Sigma and Tamron have made many lenses with better cost benefit than the old EF-S 18-200mm.

Better late than never.


----------



## KeithBreazeal (Dec 30, 2017)

People buy Canon lenses for their reliability and performance.
When the competition builds an equivalent focal length that has nearly equal performance and build quality for much less $$$$$, you would think Canon would step up to the plate with a design that would draw buyers despite the cost. This is really becoming a problem for Canon.
Maybe the idea is to build a reasonably good lens and make it part of a kit buy for the T line.
A good marketing breakthrough for Canon would be an optical stabilizer that is rated for 6 stops.
If a smart buyer is looking for a lens that will be used indoors a lot, the 3.5-5.6 f stop range make you think twice.
If that same lens had a 6 stop IS, you would think "I could work with that".

Now, build a camera body with IS and you have a winner.


----------



## Woody (Dec 31, 2017)

Canon Rumors said:


> The rumor mill should start picking back up in the coming weeks, as we expect a lot of DSLRs from Canon in 2018.



Really? What are the expected cameras?


----------



## IglooEater (Dec 31, 2017)

Woody said:


> Canon Rumors said:
> 
> 
> > The rumor mill should start picking back up in the coming weeks, as we expect a lot of DSLRs from Canon in 2018.
> ...



While they’re Not all necessarily expected to be released this year, we expect to get info about the 90D, 7D mark III, 5Ds mark II, a full frame prosumer mirrorless camera, and probably any new number of rebel level items. To me personally I’d be not at all surprised to see a couple rebels, a 78D, and another rebel-level mirrorless camera.


----------



## goldenhusky (Dec 31, 2017)

I do have the current 18-200. That is because I bought it around the time I started with DSLR and not knowing what to buy. Now I am not selling it because 1) the value has dropped too much in used market (I bought it new at full retail) so I would lose a lot 2) the image quality is as good as those 18-135s (I had all 3 versions came as part of various kits) so good to take it on a trip to park or beach nearby or to take pictures of something to post it online, etc,.. Having said that I am not so excited about the new patent. Canon refreshing this sounds like may be there are still people like me buying these without knowing the compromise in the image quality? or may be one lens for air travel? I am not sure. I guess probably an EF-M 18-200 might be a better bet at this point.


----------



## RGF (Dec 31, 2017)

this will be a nice walk around lens. Hopefully the image quality is acceptable


----------



## Antono Refa (Jan 1, 2018)

KeithBreazeal said:


> If a smart buyer is looking for a lens that will be used indoors a lot, the 3.5-5.6 f stop range make you think twice.
> If that same lens had a 6 stop IS, you would think "I could work with that".
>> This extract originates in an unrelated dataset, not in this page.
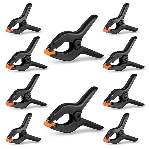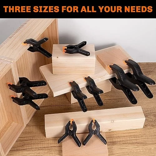 Return Policy Fast Delivery Trusted seller 10 Pack Spring Clamps Heavy Duty - Assorted Sizes Spring Clips Plastic 6.5 Inches, 4.5 Inches, 3.5 Inches Set - Backdrop Clips Small Clamps For Crafts Woodworking Background Product Description THREE BIGGER SIZES: Our 10-pcs spring clamp set comes in three sizes - 6.5 inches ×2pcs, 4.5 inches ×4pcs, 3.5 inches ×4pcs. The plastic clamps ensure that you have ample supply for multiple tasks simultaneously. ADJUSTABLE JAW PADS: The yellow jaw pads of our nylon spring clamps have a 45-degree incline that automatically adjusts to uneven surfaces, and these clamps jaw pads are both removable and reusable. THOUGHTFUL DESIGN: Our heavy duty clips are designed with an ergonomic handle for comfort, a textured surface that prevents slippage while clamping, and a high-density spring for durability and clamping force. VERSATILE USE: These plastic spring clips can be used as wood clamps for DIY woodworking and crafts projects, and as clips for backdrop stands to hold backgrounds in place during photo shoots. They can also serve as plastic clips for hanging photos and clothes around the house! SATISFACTION GUARANTEE: If you are not satisfied with our heavy duty clamps after purchase, please feel free to contact us via our email and we ensure you will get a pleasant solution. Shipping Returns Payment Shipping Shipping is FREE to all addresses other than APO/PO boxes in the lower 48 states. All our stock ships from US-based warehouses. Shipped via USPS or UPS (depending on location and package weight) Unless stated otherwise, all orders will ship within 24-72 hours of your payment being processed. Check our feedback to see the great reviews of FAST shipping we offer. Returns Seller does not accept returns Payment We currently accept payment via eBay managed payments only. Once payment is cleared, we will dispatch your shipment within 1-3 business days. Please refer to the "Shipping" tab for more information regarding shipping speed to your destination.

At this point, the only way to avoid motion blur would be to take the black cat to a taxidermist.


----------



## Chaitanya (Jan 1, 2018)

IglooEater said:


> Woody said:
> 
> 
> > Canon Rumors said:
> ...


Don't think we will see 90D and 7D mk 3 in same year it will be either-or. Also there shouldn't be any new rebel. XX0D seems to have gotten a 2 year upgrade cycle while X0D being moved to a 3 year cycle.


----------



## preppyak (Jan 2, 2018)

KeithBreazeal said:


> If a smart buyer is looking for a lens that will be used indoors a lot, the 3.5-5.6 f stop range make you think twice.
> If that same lens had a 6 stop IS, you would think "I could work with that".
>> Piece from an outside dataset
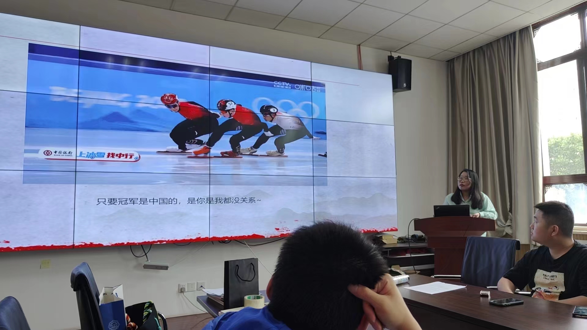 硕士毕业生党员杨瑾以自己对体育运动的热爱为引,分享了体育运动如何激发爱国情怀的心得体会。她围绕一些耳熟能详的奥运冠军展开交流,向大家讲述了体育小将勇于挑战的拼搏精神以及运动老将坚持不懈追求梦想的奋斗精神,分享了他们在追求卓越的过程中所付出的努力和坚持。她谈到,体育运动所蕴含的团结协作、坚持不懈等精神,同样可以激励我们在其他领域中追求卓越,为国家和社会做出贡献。
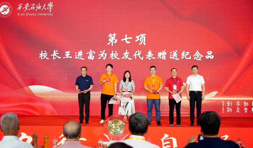 校長王進(jìn)富致辭,對專程返?!盎丶摇钡男S鸭凹覍賯冎乱詿崃业臍g迎,向長期以來關(guān)心母校發(fā)展的廣大校友表達(dá)衷心的感謝。他以《憶芳華 致青春 向未來》為題,從“歷史與傳承”“成長與記憶”“未來與期待”三個方面向校友們報告了學(xué)校的發(fā)展歷程、辦學(xué)成績和奮斗目標(biāo)。他強(qiáng)調(diào),學(xué)校將進(jìn)一步貫徹落實(shí)第三次黨代會精神,通過六大行動全面提升人才培養(yǎng)質(zhì)量水平、推動學(xué)科發(fā)展進(jìn)階升級、構(gòu)建科技創(chuàng)新服務(wù)體系、打造有競爭力人才隊伍、拓展對外合作發(fā)展格局、提升學(xué)校持續(xù)發(fā)展動能,實(shí)現(xiàn)學(xué)校高質(zhì)量發(fā)展。他表示,學(xué)校的發(fā)展離不開廣大校友的關(guān)注和支持,學(xué)校將積極為校友搭建平臺、提供資源、共享信息,以更有溫度的服務(wù)、更有深度的交流、更有力度的合作,建強(qiáng)校友與母校發(fā)展共同體,攜手開創(chuàng)校友個人事業(yè)和學(xué)校高質(zhì)量發(fā)展新局面。最后,他向全體校友提出倡議:一是深度互動,構(gòu)建情感共鳴、價值共同、信息共通、資源共享、發(fā)展共贏的命運(yùn)共同體;二是加大支持,在重大項(xiàng)目實(shí)施、科技平臺建設(shè)、科研項(xiàng)目合作及畢業(yè)生就業(yè)等方面給予學(xué)校更多支持;三是講好故事,講好西石大人胸懷大局、扎根西北、拼搏奉獻(xiàn)的故事,講好西石大人錨定強(qiáng)國戰(zhàn)略、服務(wù)能源行業(yè)、培育杰出人才的故事。

The person buying the 18-200 largely fits into one of two categories

1. It came with their kit, and it will probably never leave the camera. In truth, a good point and shoot is what they should have gotten.

2. Someone traveling with space/weight concerns necessitating one or two lenses. They'll take that f/3.5 tradeoff because its a forced decision.

Neither user is gonna buy it because of an extra stop of IS. But right now, neither of those users is being reached. Canon doesn't kit the 18-200 with their cameras, instead going with the newer 18-135 instead because it has the STM motor. And the 18-200 optical performance is so comically bad in the 150-200mm range that its like having a heavier/more annoying 18-135.

If they can make an 18-200 that is 95% the optical quality and handling of the 18-135, they'll have a big winner on their hands, because 18-200 gets rid of the need for the 18-55/55-250 combo and reaches far enough into the tele range for most uses.


----------



## olympus593 (Jan 3, 2018)

preppyak said:


> And the 18-200 optical performance is so comically bad in the 150-200mm range that its like having a heavier/more annoying 18-135.



This. The 18-200 is terrible beyond 140mm... so bad that depending on the copy it may be better to crop the image out of a 18-135.

For traveling, the 18-135 is much lighter and does the job with 35mm equivalent values of ~30-210.

Not only 3rd party lens makers do have better and cheaper alternatives, Nikon has a 18-300, even more versatile.


----------